The prospects that don’t qualify for immediate (“hot”) sales attention are perfect opportunities for database marketing.   You should employ ongoing direct mail, e-mail, faxes and outbound telephone calls to keep in touch with these longer-term prospects.  Every one of these contacts must include an offer and response mechanism inviting the recipient to continue and advance the dialog with your company.

This effort will put you a step ahead of your competition, because research shows that most companies do not use their inquiry lists as a direct marketing tool.  They turn all the data over to field sales, and hope they make the effort to nurture the longer-term opportunities.  Unfortunately, the immediate urgency created by sales quotas mitigates against that ever happening.

The goal of ongoing prospect contact (database marketing) is to keep your company and its solutions “top-of-mind” as these prospects go about their decision-making process.  Also, you will be building a case for your company -- over the competition -- with each and every contact.

Customer behavior data capture.  Your ability to create actions that lead to purchase intentions will be greatly enhanced if you know what best stimulates the desired action.  There’s no better way to capture and understand customer behaviors than to ask them directly at point of sale and as part of customer satisfaction follow-up programs.

One Brady client initiates customer satisfaction calls at the time of delivery and then systematically follows up with calls throughout the first 3 years after purchase.  The goal is two-fold:  First, to identify, proactively, any issues the company (and distributor) can address to ensure a total and complete satisfactory experience.

Secondly, the company attempts to understand which issues most impacted the customers’ buying decision, if they’d be willing to purchase again, and which issues customers most want the company to address from a product or service standpoint.

Customer relationship marketing.  Knowing this much about your customers provides a perfect foundation for marketing programs designed to create customer actions and behaviors that lead to re-purchase and referral (word-of-mouth) promotion.

Actual experience with your company provides additional meaning to the customer, who then modifies behavior, which can be turned into deeply felt loyalties.  But, only if you purposefully reach out to customers with a communications program oriented toward improving their “brand experience.”

You can use a variety of tools to create an interactive relationship that bonds buyer and seller after the sale is made.  These can include frequency programs, such as the airlines, that provide special inducements for loyalty.  Affinity programs that link your company to broader customer needs and interests.  “Communities of practice” where customers share applications and experiences with each other to complement and supplement company-sponsored applications support.
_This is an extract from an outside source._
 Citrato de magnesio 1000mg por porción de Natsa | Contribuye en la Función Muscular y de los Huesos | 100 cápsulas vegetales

Along with many others.

BUDGETS: You don’t have to spend more to get more

These behavior-driven programs don’t have to be budget busters.  It’s more a change in mindset -- a refocusing of energies and moneys.

It seems that most companies who sell products or services to other businesses spend the majority of their marketing and communications budgets (90%+) on affecting market “attitudes” versus creating measurable behaviors related to the intent to purchase.
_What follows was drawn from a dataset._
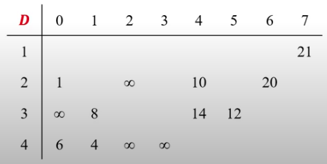 D[i][0] = w[i][1] #A에 아무 도시도 없다면 모든 경로를 다 지나왔다는 뜻이므로 Vi에서 최종 도시인 V1으로 가면 됨. 따라서 D의 0열에서 모든 행은 Vi=>V1으로 가는 비용을 넣는다.
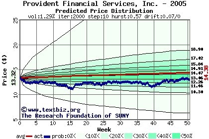 The following graph plots the year-to-date performance of the stock for 2005 compared to the probability calculated by a random walk model.

By changing your spending ratio, your company may be able to significantly increase the measurability of marketing communication’s impact on sales activity -- without spending a penny more than you do today.  A good place to start is by reallocating your communications budgets to campaigns geared toward creating measurable actions.
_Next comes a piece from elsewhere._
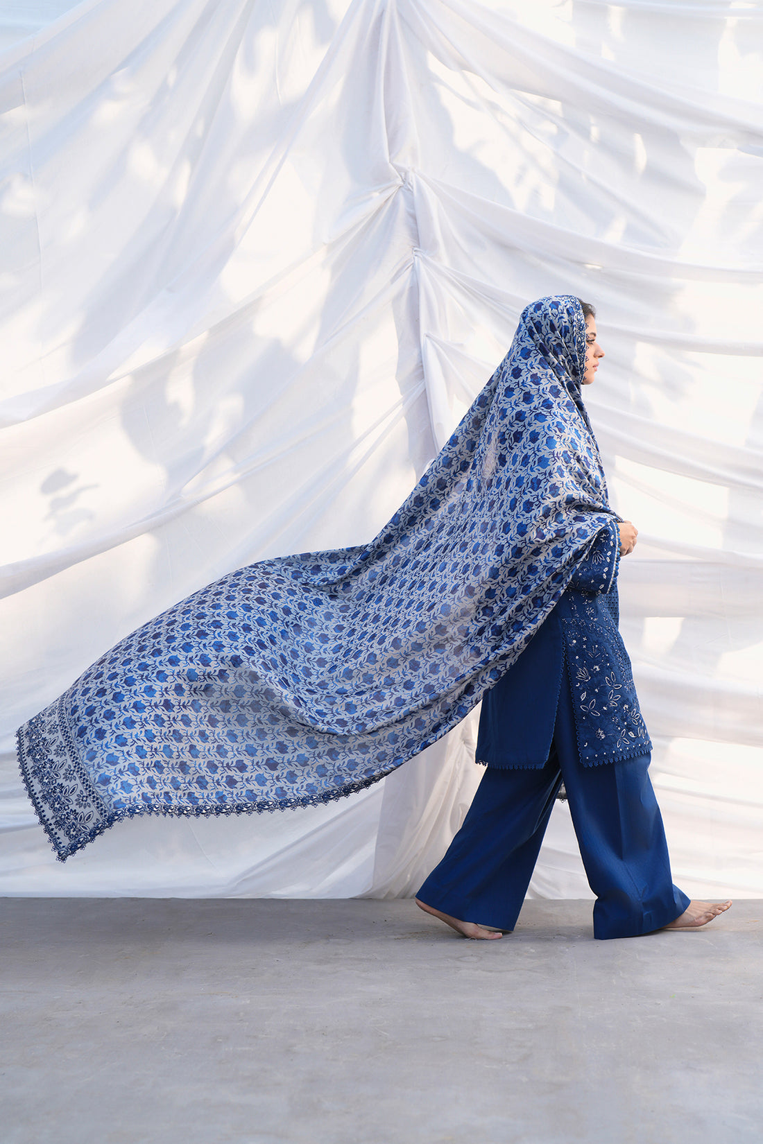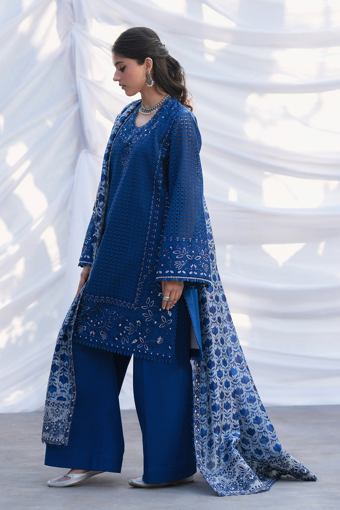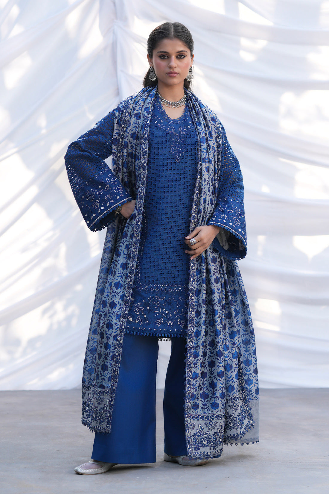 A regal Ink blue ensemble featuring an intricately cutwork embroidered kurta with farshi shalwar, and a beautifully detailed silk dupatta, perfect for festive elegance.

For example, consider redistributing your budget this way:
  • 50-60% for image, awareness, and lead generation activities

  • 20-25% for handling, qualifying and nurturing inquiries

  • 20-25% for keeping and growing existing customers
Also, within these broad strategic categories, you must review the tactical mix to insure there is a proper balance of communications tools with built-in response-driven features.  The goal is to create an interactive relationship that continues to push the customer toward the ultimate behavior measure -- the sales transaction.